As can be seen from table 1, after the new angle constraint term is added, NME (%) of face key point location can be effectively reduced. Fig. 5 shows the visualization result of the influence of adding and not adding such constraint on the final face key point positioning accuracy. Fig. 6 shows the robustness of the algorithm of the present invention to face key point localization in occlusion situations. Table 1 shows that the accuracy of face key point positioning under occlusion conditions is improved by the present invention when comparing the average error (%) normalized with the diagonal of the face frame on a 300W test set with and without new constraints.

TABLE 1

300W test set	challenge	common	public	private
					Adding new constraints	2.50	1.47	1.67	2.06
Without adding new constraints	2.68	1.50	1.71	2.16

The above-described embodiments are merely preferred embodiments of the present invention, which should not be construed as limiting the invention. Various changes and modifications may be made by one of ordinary skill in the pertinent art without departing from the spirit and scope of the present invention. Therefore, the technical scheme obtained by adopting the mode of equivalent replacement or equivalent transformation is within the protection scope of the invention.

Claims

1. A human face key point positioning method for shielding robustness is characterized by comprising the following steps:

where N is the number of visible face keypoints,

representing the true value of the pixel at the pixel point (x, y) on the ith visible face keypoint heat map;

is on the ith keypoint heat map of the network output (x, y)) Taking the pixel value as the value after sigmoid activation;

in step S33, the method for generating the pixel truth value on the key point heat map includes:

setting the value of each pixel point in 4 pixel radius ranges around the visible face key point as 1, setting the values of the pixel points in the rest areas outside the 4 pixel radius ranges as 0, and generating a corresponding heat map for each visible face key point;

wherein the content of the first and second substances,

is the ith human face key point heat map output by network prediction,

Is a background region heat map of the network prediction output,

is a heat map generated according to the truth value of the background area; (x, y) represents heatThe location of a pixel point on the image;

in step S34, the method for generating the face keypoint true value on the keypoint heat map includes:

where (j, K) represents the pixel index on the 28 × 28 × K heat map, (x)_g,y_g) Representing the coordinates, sigma, of the key points of the real face on one of the heat maps_x,σ_yRespectively representing the standard deviation of the gaussian response in the x-direction and the y-direction;

is the position of the key point of the face obtained by the fine positioning in S34, D_boxThe length of the diagonal line of the face frame is used as a normalization factor of the loss function; theta is the line segment formed by predicted adjacent key points and the corresponding adjacent key pointsAn included angle between line segments formed by the near key point truth value; the included angle θ is defined as follows:

wherein

And

representing predictions in S35

The positions of two adjacent face key points in the image,

and

S_final＝T^-1(S₃)

wherein S₃Is in S35Obtaining the position of a key point on the corrected face, T^-1Is an inverse transformation matrix corresponding to the Fourier analysis transformation T;

2. The occlusion robust face key point positioning method of claim 1, wherein in step S1, the key point labeling is performed by: and (3) automatically calibrating the positions of the key points of the samples by using a 3DDFA algorithm, and then manually adjusting.

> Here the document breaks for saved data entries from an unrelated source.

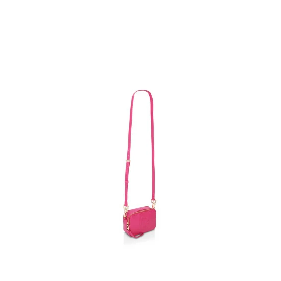 The Icon Mini Cross Body arrives in fuchsia with a stitched Signature C logo on the front and gold tone branding on the back. Dimensions: 11.5cm (H), 17cm (W), 6cm (D)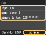 <Configurações de Fax>. No entanto, as configurações feitas no <Catálogo> são ativadas para as configurações detalhadas dos destinatários registrados no Catálogo de endereços. |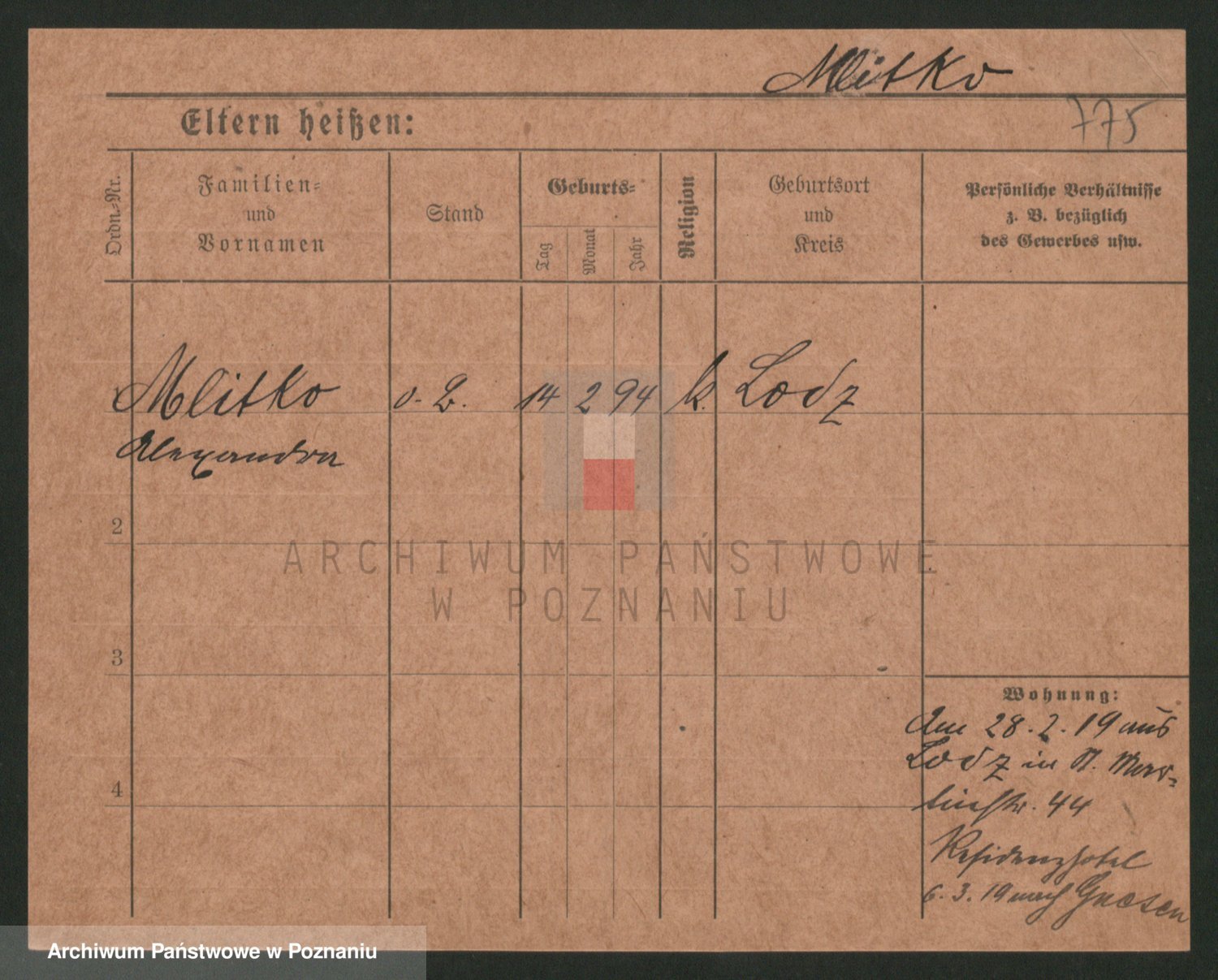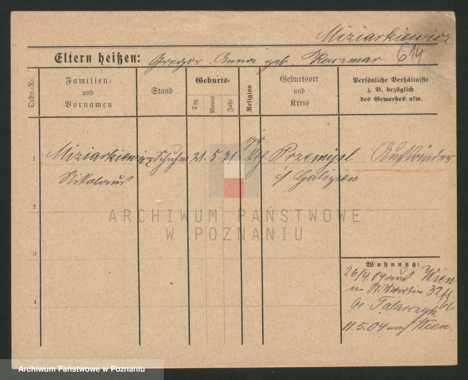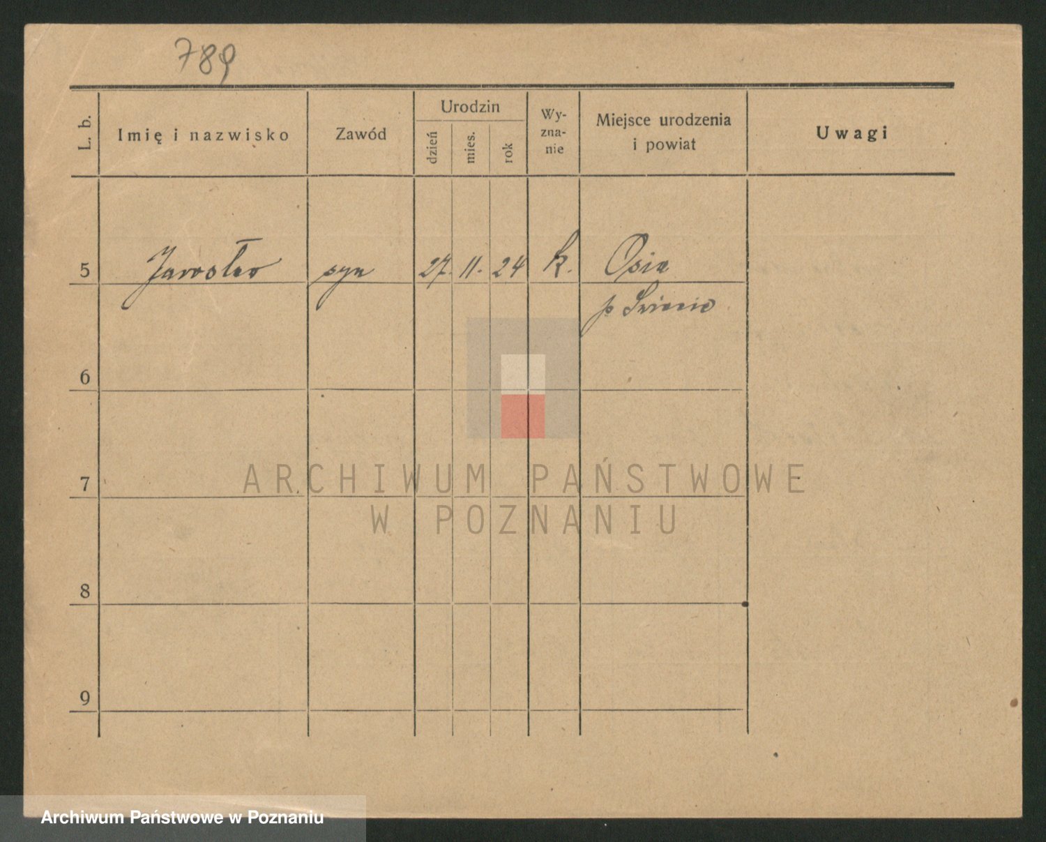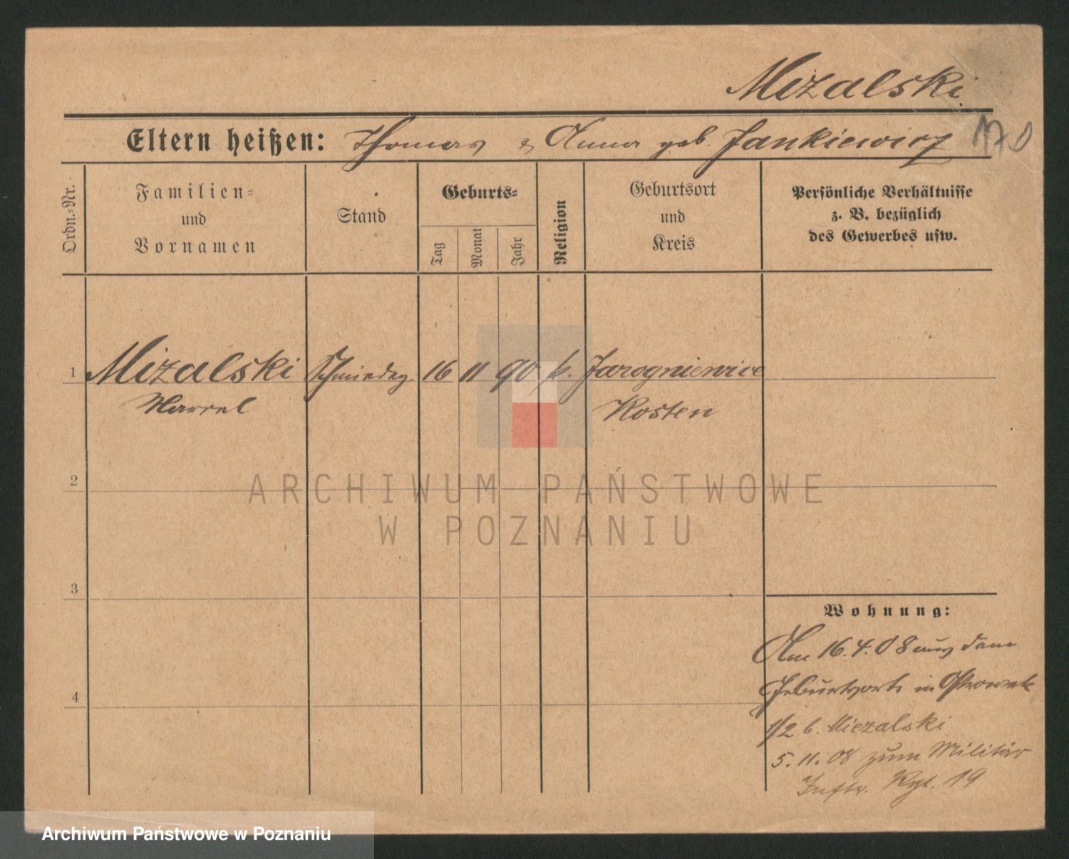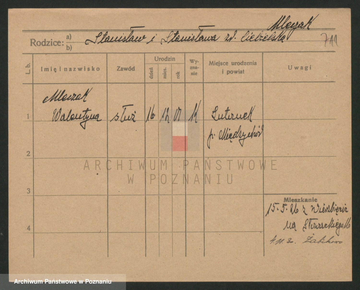 Podgląd karty osobowej dostępny jest po kliknięciu na nazwisko lub ikonkę karty. Można dokonywać powiększenia (ikony na górze) lub przechodzić między kolejnymi skanami (strzałki po bokach).

3. The occlusion robust face key point positioning method of claim 1, wherein in step S33, the convolution kernels of different sizes are 4 in total, and the sizes are 3 × 3 × 256, 3 × 3 × 512, 1 × 1 × 512 and 1 × 1 × 68, respectively.

4. The occlusion robust face key point positioning method of claim 1, wherein in step S34, the convolution kernels of different sizes are 4 in total, and the sizes are 3 × 3 × 128, 3 × 3 × 256, 1 × 1 × 128 and 1 × 1 × 68, respectively.